When Your Childhood Bedroom Isn't Yours Anymore

Whenever I visit my parents, I sleep in my old bedroom, which has become a bit of a time warp, as it looks exactly the same as it did when I was 17 years old.

The room is stuck in 1997; the stars and moons wallpaper I thought was so awesome in high school is still plastered up on the walls, and the closets and drawers still hold old notebooks, pictures, and the occasional awful 90’s outfit or two. I haven’t lived with my parents for many years, but the room remains, and though my mom has started to use it as a bit of a storage facility for random things, the room itself stays relatively untouched.

Kate Stone Lombardi of the New York Times is keeping her son’s room intact while he’s off at college; his room has become a bit of a shrine to the New York Rangers. “This room didn’t come together overnight, of course,” Lombardi writes, “The memorabilia was collected from the time he was an early fan – back in his elementary school days – until now. Today he is a college sophomore. He still lives and breathes hockey.
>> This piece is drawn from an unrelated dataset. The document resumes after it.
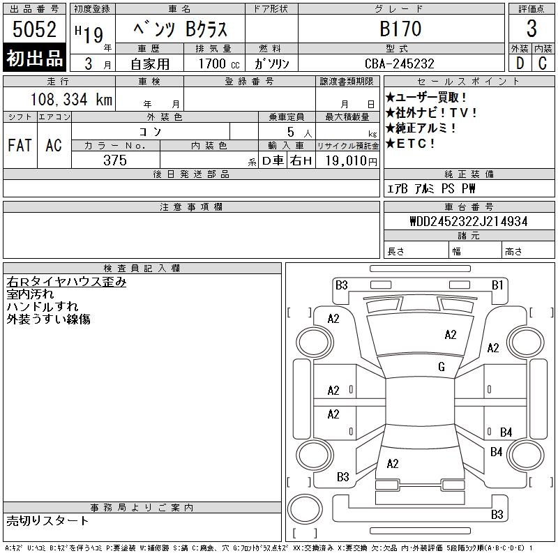 MERCEDES-BENZ B CLASS - лот 5052

But he doesn’t really live in that room anymore.”

It’s a strange thing when a version of yourself lives on in a room; when everything else in your life is changing, it’s odd to wander into a room that hasn’t changed at all. At the same time, however, there is something comforting about the familiarity of an old bedroom, as it stands as a place where you began to become the person that you are today. Lombardi takes comfort in the things her children have left behind, yet she knows that these rooms won’t stand forever, a notion that she is both saddened by and willing to accept: “This, I know, is a room in transition. His sister’s room is just down the hall, and farther along in the process of transforming from a child’s room to the room of someone who once lived there.” Lombardi goes on to express her feelings towards her daughter’s room: “It’s still my daughter’s room, but as she settles more deeply into her independent life, her essence gets more and more stripped out of those four walls. I would be lying to say that I miss the disorder – the scattered papers, the piles of clothes, the dirty tea mugs – that were also very much a part of Jeanie’s occupancy. But I do miss the girl who lived there.”

My parents are hoping to sell the house soon; my little sister’s room has already been stripped and redone, and I’m sure my room is next on the list. And while I’m very excited for my parents to begin a new phase in their lives, I’d be lying if I said I wouldn’t miss that room, or that stupid ridiculous wallpaper. But hopefully whoever moves into that room will have as much fun creating a time warp as I did.